Caching is only useful if the same question gets asked many, many times. So what questions are we answering here, and how often do they get asked?
For K and V, the question is, "Given our currently generated token x_current, give me all of the tokens that came before it, what are their Ks and Vs?" So, for a single token x_current, that question gets asked a lot. After we generate x_current, every subsequently generated token that arrives will walk through all the tokens before it, including x_current, and ask that exact same question, "what's your K and V?" So, caching the answer pays off handsomely, since every following token in the sequence will ask about x.
Stop and Think (Within a Stop and Think)
Now, recall that we're working with a decoder. Would the KV Cache's benefits still hold for an encoder?
Recall that one difference between a decoder and an encoder is that in a decoder, every token attends to the tokens that came before it, never the ones after. Meanwhile, an encoder's where attention is bidirectional and every token attends to every other token.
In an encoder, is there still a sequential "past" to cache? Can we create one?
Meanwhile, for Q, the question would be: "Given our currently generated token x_current, what is its Q?" But who would ask that question again? Only token x itself uses its own Q, in the one moment it arrives and attends to everything before it. No future token ever needs token x's Q. So caching it would be saving an answer that isn't asked for again, which doesn't do much harm but also doesn't do much.
So, that's basically it with the KV Cache. It works because the decoder's attention only looks backward, every token's K and V are computed once and asked about forever ever after.
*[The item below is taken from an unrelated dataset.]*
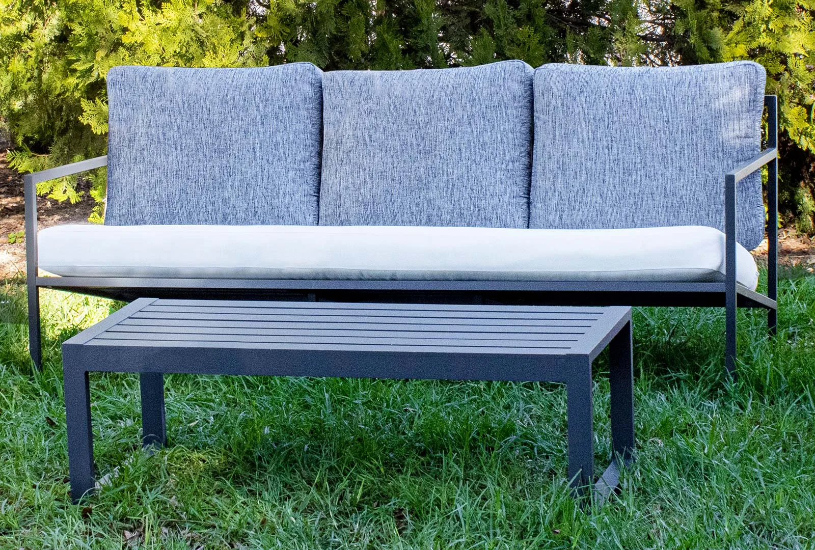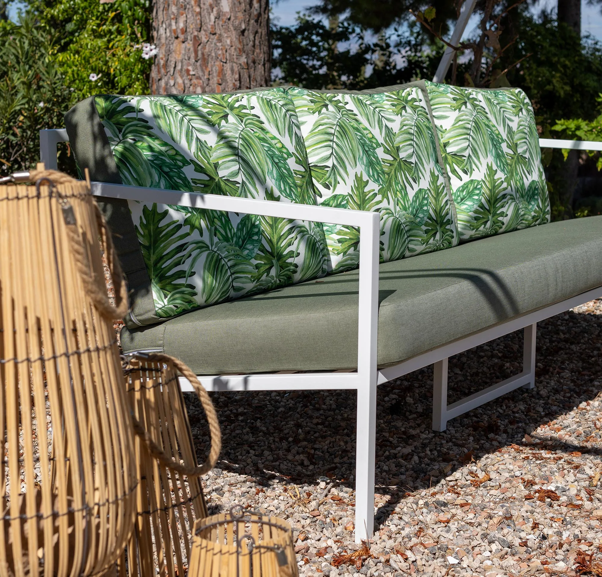 - 1 Sofá de terraza de 3 plazas con cojines de exterior desenfundables. Dimensiones (Ancho-Fondo-Alto): 195 x 82 x 77 cm.

Phase 1, Step 5: We're Not Writing a KV Cache (Yet)
I think now's a good place to stop. Rewriting HuggingFace's DynamicCache right now would be a lot of lines of code that teach you very little you don't already understand. The gist of a KV cache is the gist of this entire post, that we had quadratic pain, and we cured it. Everything else is implementation detail.
Instead, I want you to leave you here with a question: what happens when there's more than one person sending requests to our LLM?
Right now, we're serving a single prompt, from a single user, in one lonely decode loop. But real inference engines handle many sequences at once, and that changes a lot of things.
Suddenly, we worry for our tidy little KV Cache. The one that grows by one row each step, oh, that scrappy little grow-one-row-at-a-time cache, how will it survive the influx of user requests? How do you allocate memory for a cache when you don't know how long each sequence will be? What happens when one sequence finishes early and leaves a hole in the cache, a hole too small to use, yet too large to ignore?
In Part 2 (and maybe 3, depending on how long things get), we'll batch multiple sequences together, see how far our faithful little KV cache can carry us, and rewrite it (for real) with PagedAttention.